*PROBLEM:* Go through the listing below and retype exactly the lines starting at the one with "73717041 alte Postkarte" and ending at the one with "在华为的招聘展位前,徐波一行", skipping pictures.

*DATASET ENTRIES:*
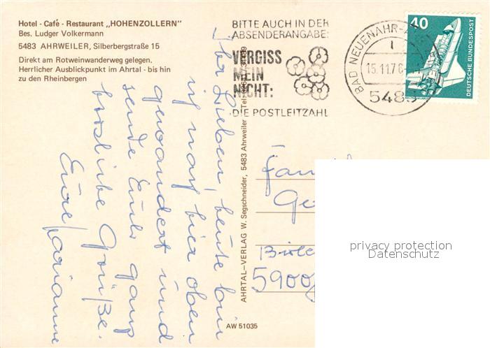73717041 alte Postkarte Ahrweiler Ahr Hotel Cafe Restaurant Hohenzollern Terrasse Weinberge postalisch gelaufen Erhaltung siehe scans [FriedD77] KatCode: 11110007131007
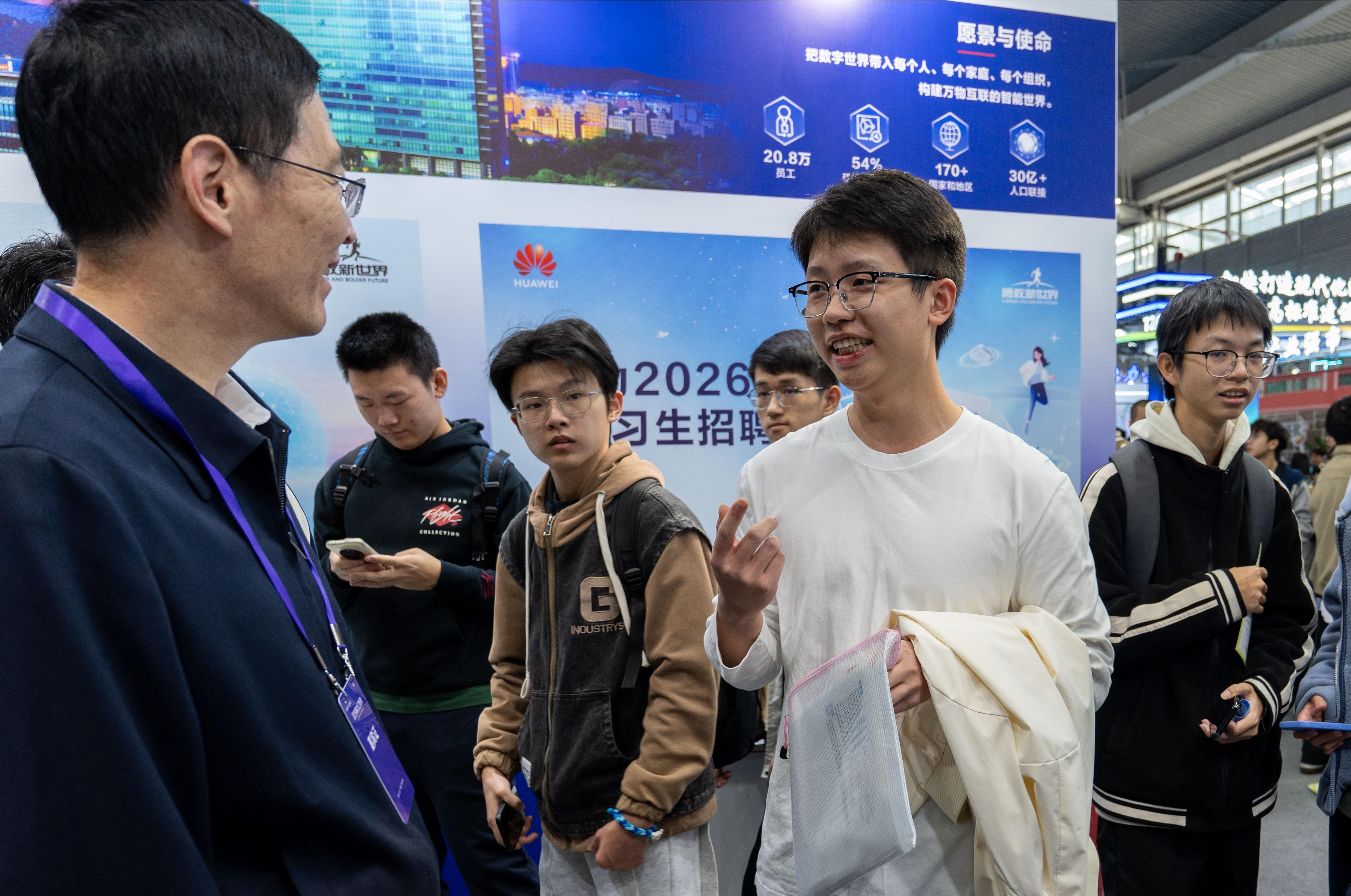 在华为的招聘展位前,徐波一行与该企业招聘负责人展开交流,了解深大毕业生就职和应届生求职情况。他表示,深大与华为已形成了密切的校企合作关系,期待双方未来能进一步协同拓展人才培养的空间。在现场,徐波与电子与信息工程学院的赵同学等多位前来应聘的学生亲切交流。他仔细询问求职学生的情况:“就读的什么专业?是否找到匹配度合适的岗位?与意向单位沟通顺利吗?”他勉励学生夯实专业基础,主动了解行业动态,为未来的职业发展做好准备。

...

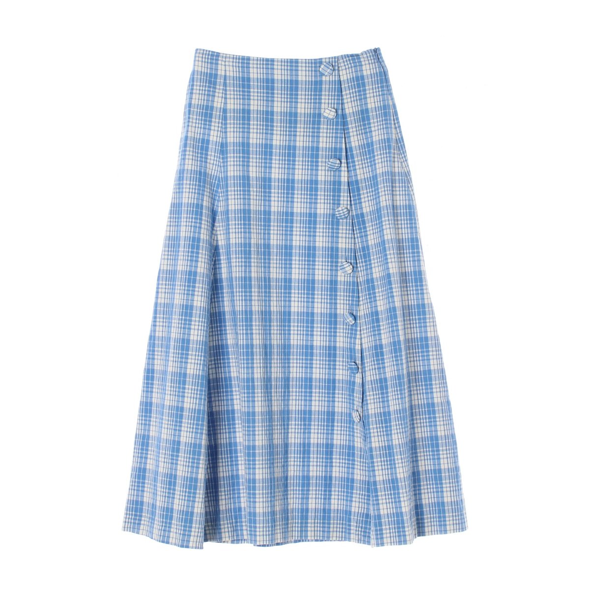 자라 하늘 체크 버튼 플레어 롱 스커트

* * *

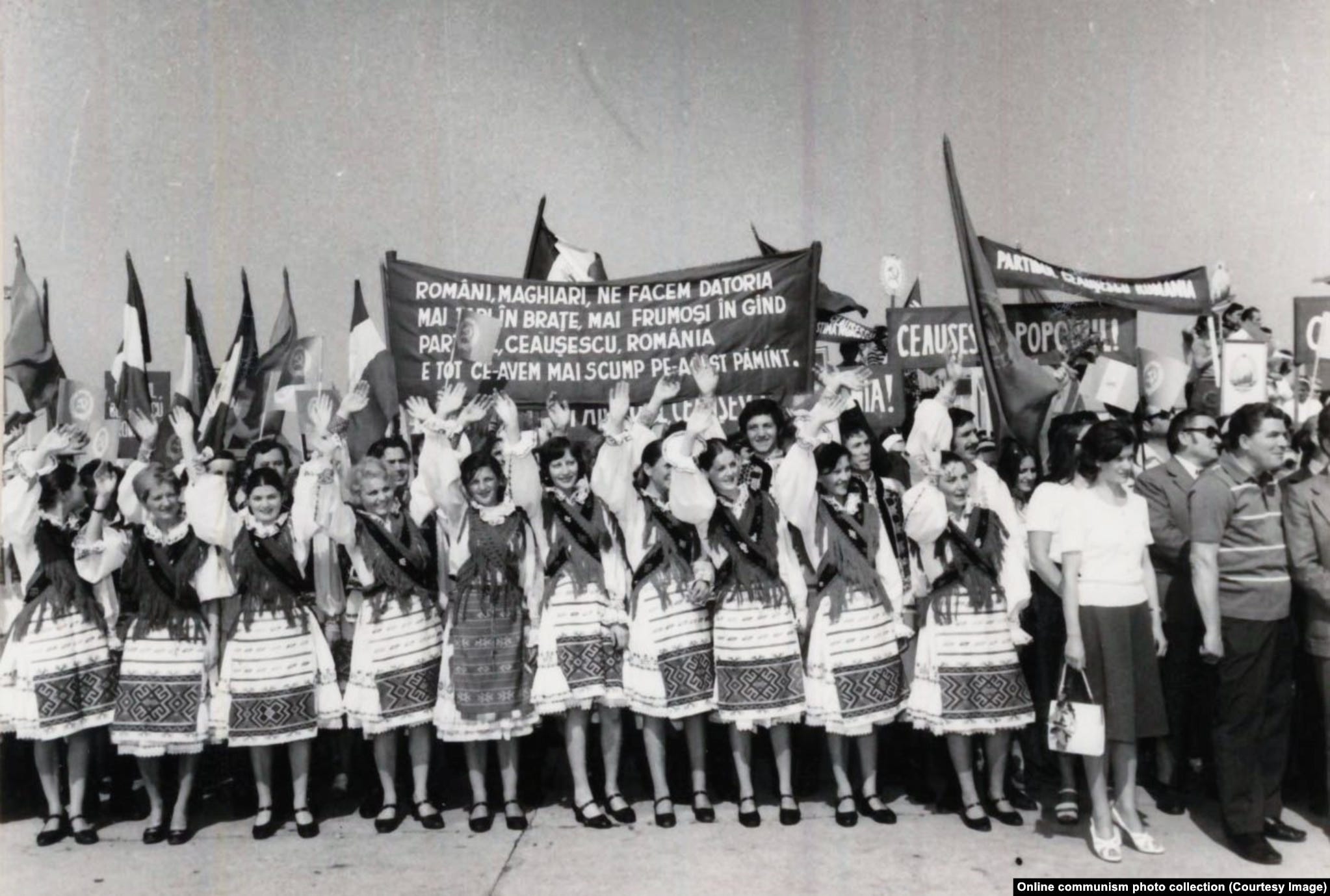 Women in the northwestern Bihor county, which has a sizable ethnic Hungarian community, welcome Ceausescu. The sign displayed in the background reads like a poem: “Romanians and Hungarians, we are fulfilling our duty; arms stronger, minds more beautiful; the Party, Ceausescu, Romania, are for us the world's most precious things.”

*EXERCISE RESPONSE:*
73717041 alte Postkarte Ahrweiler Ahr Hotel Cafe Restaurant Hohenzollern Terrasse Weinberge postalisch gelaufen Erhaltung siehe scans [FriedD77] KatCode: 11110007131007
 在华为的招聘展位前,徐波一行与该企业招聘负责人展开交流,了解深大毕业生就职和应届生求职情况。他表示,深大与华为已形成了密切的校企合作关系,期待双方未来能进一步协同拓展人才培养的空间。在现场,徐波与电子与信息工程学院的赵同学等多位前来应聘的学生亲切交流。他仔细询问求职学生的情况:“就读的什么专业?是否找到匹配度合适的岗位?与意向单位沟通顺利吗?”他勉励学生夯实专业基础,主动了解行业动态,为未来的职业发展做好准备。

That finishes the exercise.